+++ Records shown +++

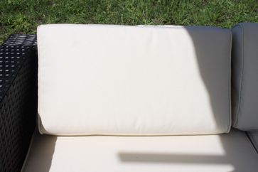 Материалы: Порошковое покрытие, стальной трубы рамы, Искусственный ротанг, Цвет подушек светло-бежевый, толщина подушки сиденья 8 см. Подукшки из влагостойкой непрожигаемой ткани.
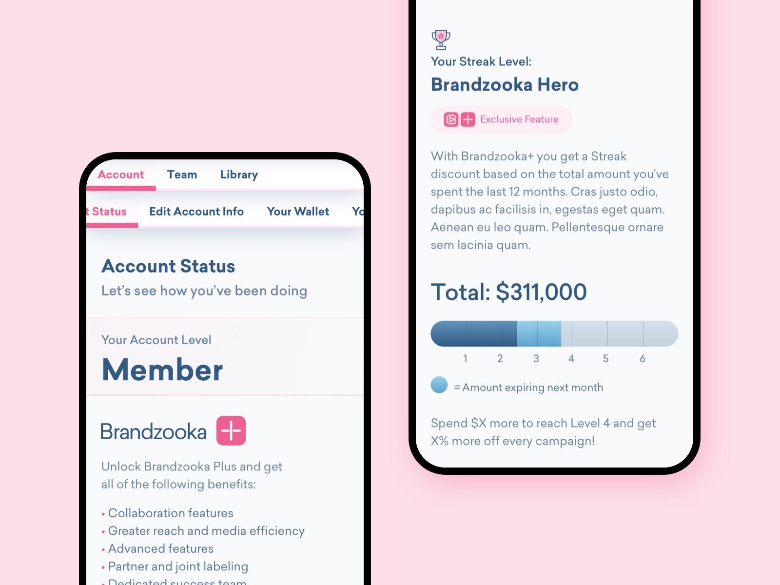 In the process of expanding the features of the Brandzooka platform prior to Brandzoka's Series A, we drastically enhanced our account settings functionality. In addition to an improved UX for existing account settings, we added a new product, Brandzooka+. This allowed users to collaborate on teams, manage employees accounts, grey label our platform with a new color scheme and branding, gamify Brandzooka spending, and more.
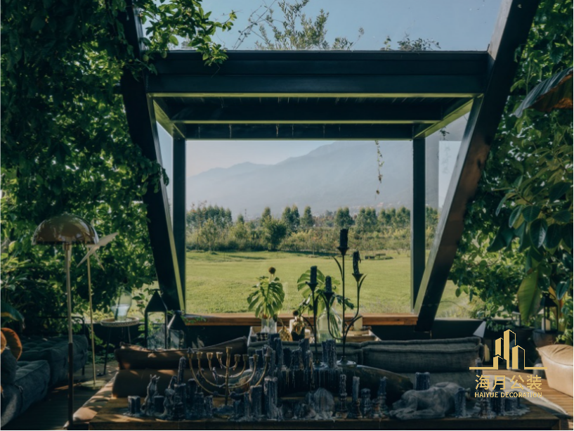如果说庄园的公区游走在花园与山水之间的一系列动态体验,展示了如何把自然生活方式拓展到山水尺度之中;那么庄园客房最终又把客人的度假生活拉回到宁静的院落和植物里。整个庄园酒店只有六间客房,分布在主体建筑的不同角落,每间客房在装修设计中房型都不一样,但都有一个共同的特点—每间客房都带有一个独享的私密院子和花园。客房的边界在空间设计中不止于室内的落地门窗,院子和花园才是每间客房真正的起居室,触手可及的大树和花草是最生动的软装,每间客房都像住进一个活泼泼的自然天地里。
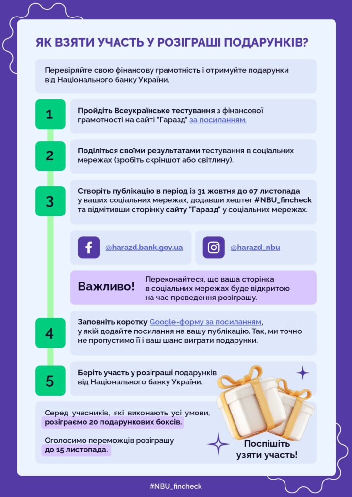 Серед учасників, які виконають усі умови, розіграють 20 подарункових боксів. Оголошення переможців відбудеться 15 листопада.
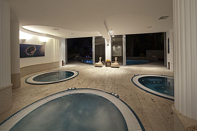 This includes an outdoor pool, three whirlpool baths, a sauna, and a gym fitted with the latest TechnoGym equipment.
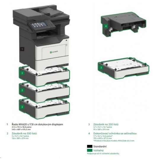 LEXMARK Multifunkční ČB tiskárna MX622adhe, A4, 47ppm, 2048MB, barevný LCD displej, duplex,DADF, USB 2.0, LAN,
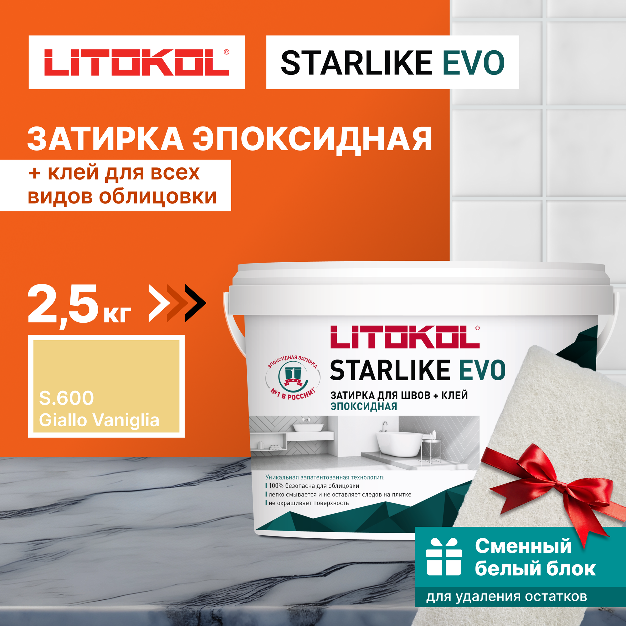 Купить Затирка LITOKOL Starlike Evo S.600 Giallo VanigliaI, 2,5 кг + 1 белый сменный блок
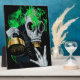 "Toxic Gas Mask: Neon Flames" features a futuristic gas mask emitting eerie green flames. This striking design symbolises survival in dystopian worlds, making it perfect for sci-fi and apocalypse fans.

+++

All of the records above should be reproduced exactly, with the pictures left out.

 Материалы: Порошковое покрытие, стальной трубы рамы, Искусственный ротанг, Цвет подушек светло-бежевый, толщина подушки сиденья 8 см. Подукшки из влагостойкой непрожигаемой ткани.
 In the process of expanding the features of the Brandzooka platform prior to Brandzoka's Series A, we drastically enhanced our account settings functionality. In addition to an improved UX for existing account settings, we added a new product, Brandzooka+. This allowed users to collaborate on teams, manage employees accounts, grey label our platform with a new color scheme and branding, gamify Brandzooka spending, and more.
如果说庄园的公区游走在花园与山水之间的一系列动态体验,展示了如何把自然生活方式拓展到山水尺度之中;那么庄园客房最终又把客人的度假生活拉回到宁静的院落和植物里。整个庄园酒店只有六间客房,分布在主体建筑的不同角落,每间客房在装修设计中房型都不一样,但都有一个共同的特点—每间客房都带有一个独享的私密院子和花园。客房的边界在空间设计中不止于室内的落地门窗,院子和花园才是每间客房真正的起居室,触手可及的大树和花草是最生动的软装,每间客房都像住进一个活泼泼的自然天地里。
 Серед учасників, які виконають усі умови, розіграють 20 подарункових боксів. Оголошення переможців відбудеться 15 листопада.
 This includes an outdoor pool, three whirlpool baths, a sauna, and a gym fitted with the latest TechnoGym equipment.
 LEXMARK Multifunkční ČB tiskárna MX622adhe, A4, 47ppm, 2048MB, barevný LCD displej, duplex,DADF, USB 2.0, LAN,
 Купить Затирка LITOKOL Starlike Evo S.600 Giallo VanigliaI, 2,5 кг + 1 белый сменный блок
 "Toxic Gas Mask: Neon Flames" features a futuristic gas mask emitting eerie green flames. This striking design symbolises survival in dystopian worlds, making it perfect for sci-fi and apocalypse fans.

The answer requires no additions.